About this task.
Write out the opening lines of the data word for word, up to and including the line with "xxxxxThe accomplished English", and leave every picture and every later line out.

Segment Start: Source data

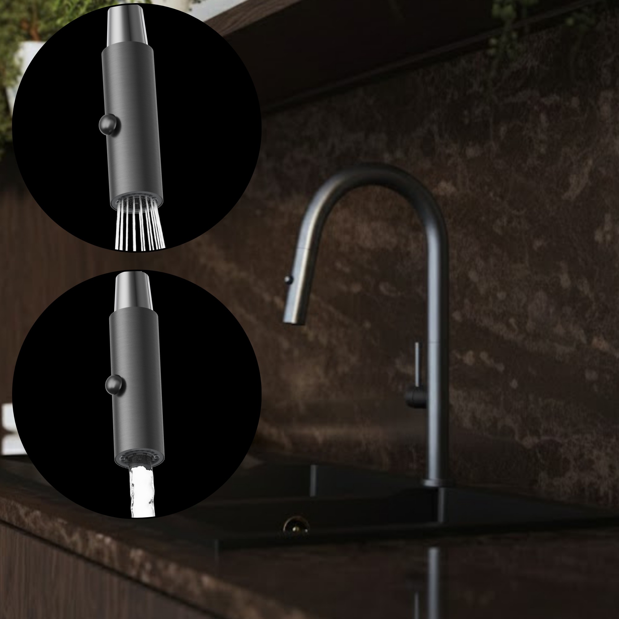 Wylewka jest wyposażona w przycisk umożliwiający szybkie przełączanie między klasycznym strumieniem, a funkcją natrysku:
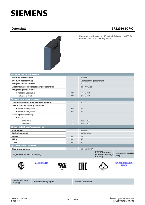 Ochrona przeciwprzepięciowa Siemens 3RT2916-1CF00 element RC 1 szt.
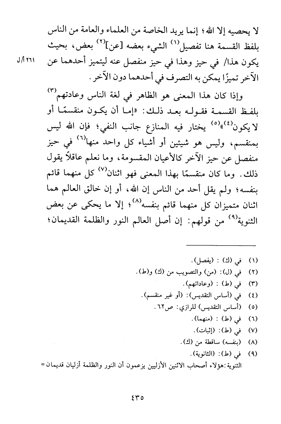 لا يحصيه إلا الله إنما يريد الخاصة من العلماء والعامة من الناس بلفظ القسمة هنا تفصيل الشيء بعضه عن بعض بحيث يكون هذا في حيز وهذا في حيز منفصل عنه ليتميز أحدهما عن الآخر تميزًا يمكن به التصرف في احدهما دون الآخر وإذا كان هذا المعنى هو الظاهر في لغة الناس وعادتهم بلفظ القسمة فقوله بعد ذلك إما أن يكون منقسمًا أو لا يكون يختار فيه المنازع جانب النفي فإن الله ليس بمنقسم وليس هو شيئين أو أشياء كل واحد منها في حيز منفصل عن حيز الآخر كالأعيان المقسومة وما نعلم عاقلاً يقول ذلك وما كان منقسمًا بهذا المعنى فهو اثنان كل منهما قائم بنفسه ولم يقل أحد من الناس إن الله أو إن خالق العالم هما اثنان متميزان كل منهما قائم بنفسه إلا ما يحكى عن بعض الثنوية من قولهم إن أصل العالم النور والظلمة القديمان
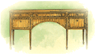 xxxxxThe accomplished English furniture designer Thomas Sheraton was born in Stockton-on-Tees, Durham. It would seem that he had little or no schooling, and was apprenticed to a cabinet maker at an early age. He began work in London around 1790, setting up shop in Wardour Street, Soho, and living on the premises. Only one piece of his work as a cabinetmaker has been authenticated (a glass fronted bookcase) but his prolific designs - many noted for their grace and simplicity - were described and illustrated in the books he published. Prime amongst these was his The Cabinet Maker and Upholsterers’ Drawing Book, made up of four volumes and completed in 1794. In this work, his colour plates and their accompanying notes, in particular, amply testify to his ability as a draftsman, and the depth of his technical knowledge.
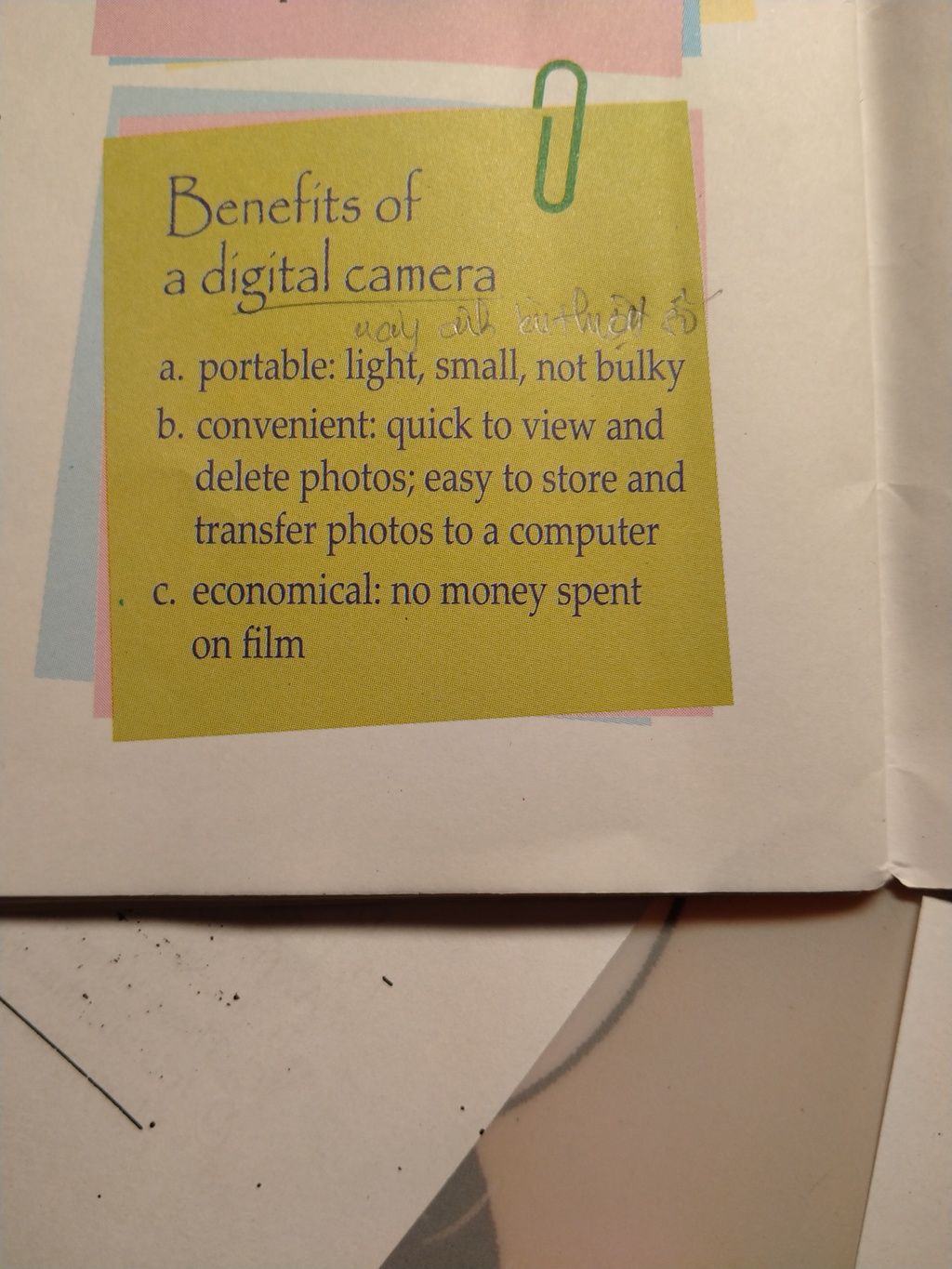 Máy ảnh kỹ thuật số đang trở nên càng ngày càng phổ biến. chúng ta có thể sử dụng no để chụp nhiều ảnh và lưu trữ những kỷ niệm khó quên. Những lợi ích của nó là gì? Đầu tiên máy ảnh kỹ thuật số thì có thể mang theo bên mình. Nó nhẹ và nhỏ nên dễ mang đi. Thứ hai, nó có nhiều chức năng hữu ích. Ví dụ, chúng ta có thể chụp ảnh và xem ảnh một cách nhanh chóng và nó cũng dễ dàng lưu trữ và truyền ảnh đến máy tính. Cuối cùng, máy ảnh kỹ thuật số tiết kiệm nhiều tiền nên chúng ta không phải dành tiền vào mua phim.

Segment End: Source data

Reply to the task.
 Wylewka jest wyposażona w przycisk umożliwiający szybkie przełączanie między klasycznym strumieniem, a funkcją natrysku:
 Ochrona przeciwprzepięciowa Siemens 3RT2916-1CF00 element RC 1 szt.
 لا يحصيه إلا الله إنما يريد الخاصة من العلماء والعامة من الناس بلفظ القسمة هنا تفصيل الشيء بعضه عن بعض بحيث يكون هذا في حيز وهذا في حيز منفصل عنه ليتميز أحدهما عن الآخر تميزًا يمكن به التصرف في احدهما دون الآخر وإذا كان هذا المعنى هو الظاهر في لغة الناس وعادتهم بلفظ القسمة فقوله بعد ذلك إما أن يكون منقسمًا أو لا يكون يختار فيه المنازع جانب النفي فإن الله ليس بمنقسم وليس هو شيئين أو أشياء كل واحد منها في حيز منفصل عن حيز الآخر كالأعيان المقسومة وما نعلم عاقلاً يقول ذلك وما كان منقسمًا بهذا المعنى فهو اثنان كل منهما قائم بنفسه ولم يقل أحد من الناس إن الله أو إن خالق العالم هما اثنان متميزان كل منهما قائم بنفسه إلا ما يحكى عن بعض الثنوية من قولهم إن أصل العالم النور والظلمة القديمان
 xxxxxThe accomplished English furniture designer Thomas Sheraton was born in Stockton-on-Tees, Durham. It would seem that he had little or no schooling, and was apprenticed to a cabinet maker at an early age. He began work in London around 1790, setting up shop in Wardour Street, Soho, and living on the premises. Only one piece of his work as a cabinetmaker has been authenticated (a glass fronted bookcase) but his prolific designs - many noted for their grace and simplicity - were described and illustrated in the books he published. Prime amongst these was his The Cabinet Maker and Upholsterers’ Drawing Book, made up of four volumes and completed in 1794. In this work, his colour plates and their accompanying notes, in particular, amply testify to his ability as a draftsman, and the depth of his technical knowledge.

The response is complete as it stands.